The first round of voting is set for on May 23 and 24.
He said the group would ALSO look for other candidates to support, but that if no others were found by Wednesday, its backing for Abol Fotouh would be formalised.
Classified for many years as a terrorist organisation and banned in Egypt, Gamaa Islamiyya has sought to enter mainstream Egyptian politics since the popular uprising that toppled president Hosni Mubarak in February 2011.
Gamaa Islamiyya militants participated, along with members of Egyptian group Islamic Jihad, in the 1981 attack that killed Sadat, Mubarak’s predecessor.
It also claimed responsibility for a devastating attack in Egypt’s southern city of Luxor in 1997 that killed 62 people, most of them tourists.
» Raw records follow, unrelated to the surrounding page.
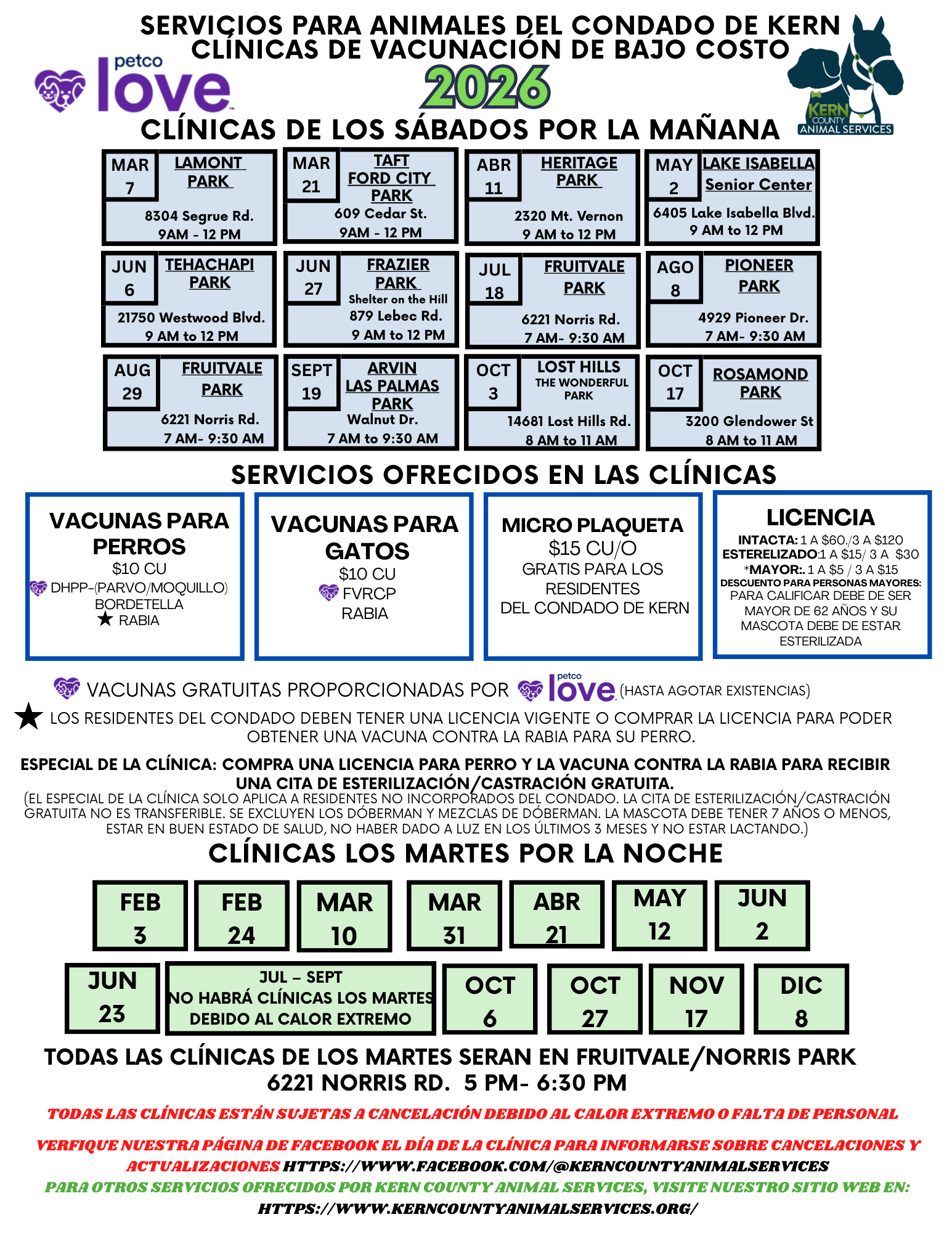 Tuesday Evening and Saturday Morning Clinics - Espanol -Clínicas realizadas en Bakersfield y ubicaciones en todo el condado de Kern
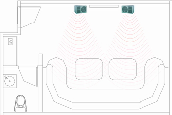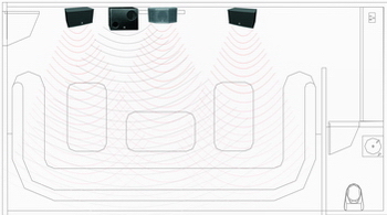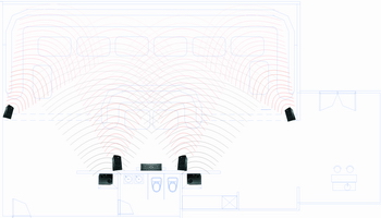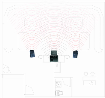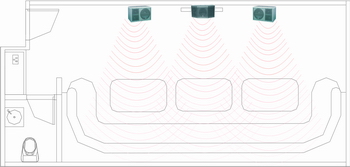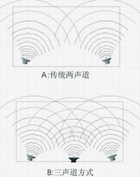 ,從聲音效果上,能夠使聲音的密度感更好,聲場更加寬闊,能夠很好的營造出臨場感和現場氣氛。傳統模式和三聲道模式的聲場比較示意如下左圖(方框區域代表房間,曲線代表聲波的傳輸):從下左圖明顯可以看到,采用三聲道方式後,聲場的均衡度大大增加,聲音的也得到了增強。采用該工作方式後,不但歌唱時倍感輕鬆,現場感更好,更可靈活切換中間聲道工作模式,使其適應獨唱、合唱、清唱、電影、DISCO等不同工作模式。
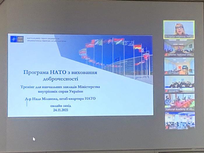 Інформаційний захід був спрямований на інформування здобувачів вищої освіти, науково-педагогічного складу ЗВО МВС щодо реалізації державної політики євроатлантичної інтеграції, підвищення обізнаності щодо діяльності та розвитку Північноатлантичного Альянсу та розуміння напрямів співробітництва Україна – НАТО у сфері розбудови доброчесності. У семінарі взяли участь посадові особи Міністерства внутрішніх справ України, Міжнародного Секретаріату НАТО та Представництва НАТО в Україні.
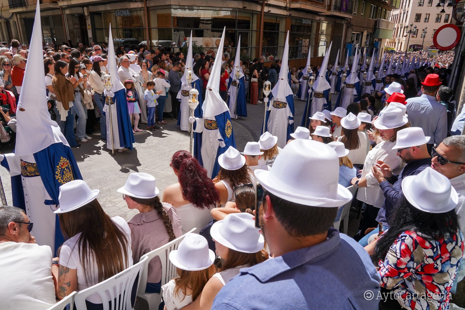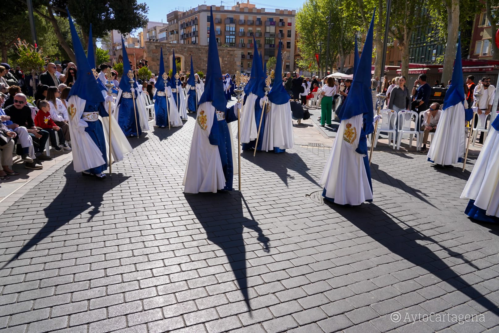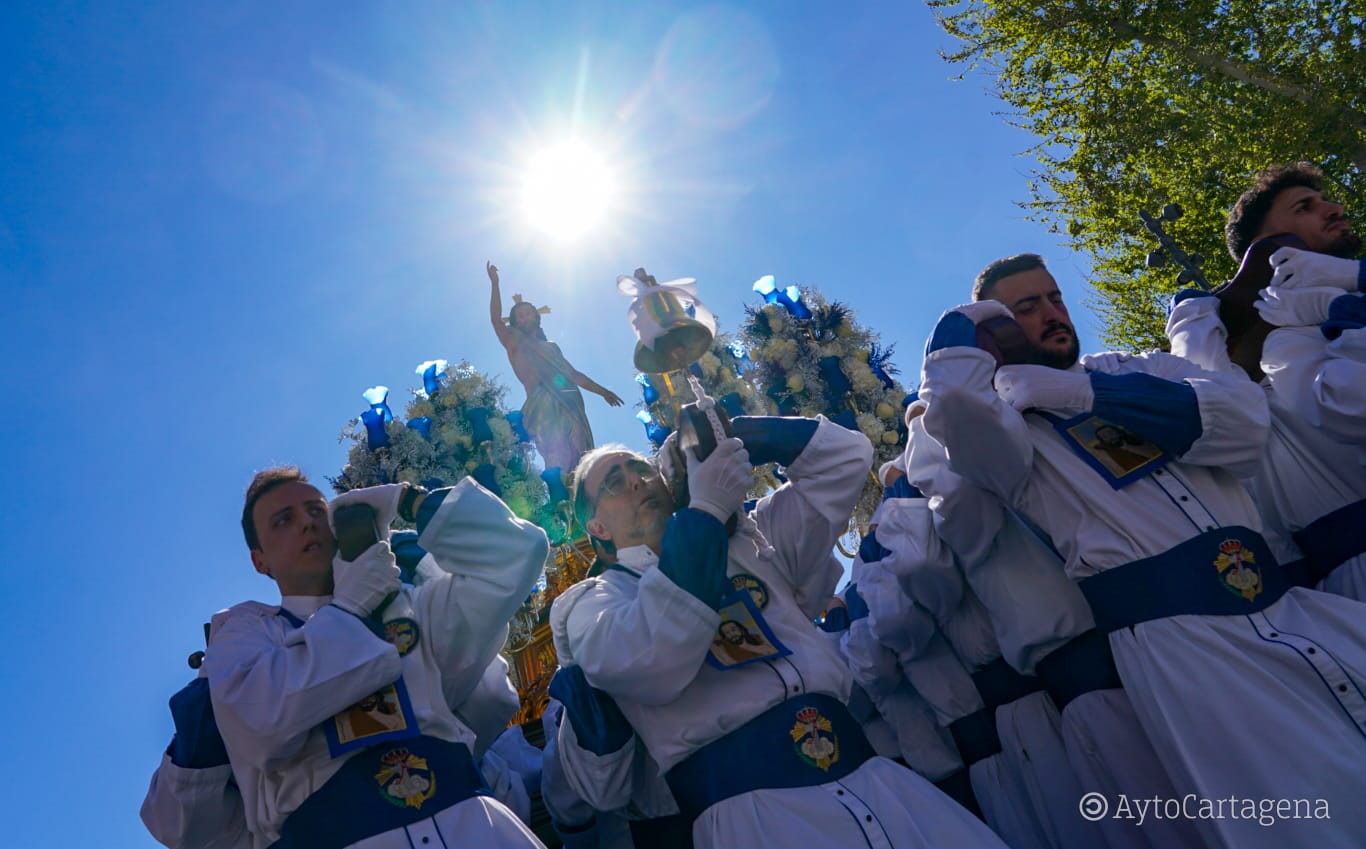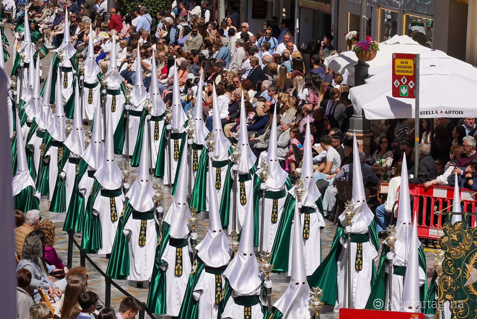 Cartagena ha despertado con el repique de campanas y el blanco radiante de la Real e Ilustre Cofradía de Nuestro Padre Jesús Resucitado, devolviendo a las calles la luz y la esperanza en el desfile más alegre de la ciudad.

Abol Fotouh is a former senior leader of the Muslim Brotherhood which expelled him from the movement last year because he nominated himself when the movement planned not to contest the election.
Last week, he secured the support of the most important hardline Islamist group, the Salafist Al-Nur party, which has around 20 percent of the seats in parliament, as well as the support of the moderate Islamist party Wassat.
Seen as a moderate Islamist, Abol Fotouh also enjoys the support of many young Brotherhood members who object to the Muslim Brotherhood’s conservative attitude.
He is also well regarded by a large number of secular-minded youth who participated in last year’s uprising against Mubarak.
Abol Fotouh’s growing support threatens to cause problems for official Brotherhood candidate Mohammed Mursi, who risks losing a large section of the Islamist vote to him.
Some Egyptian commentators reckon he has a good chance of making it through to the second round run-off on June 16 and 17, possibly to stand against Egypt’s main secular candidate, former foreign minister and ex-Arab League chief Amr Mussa.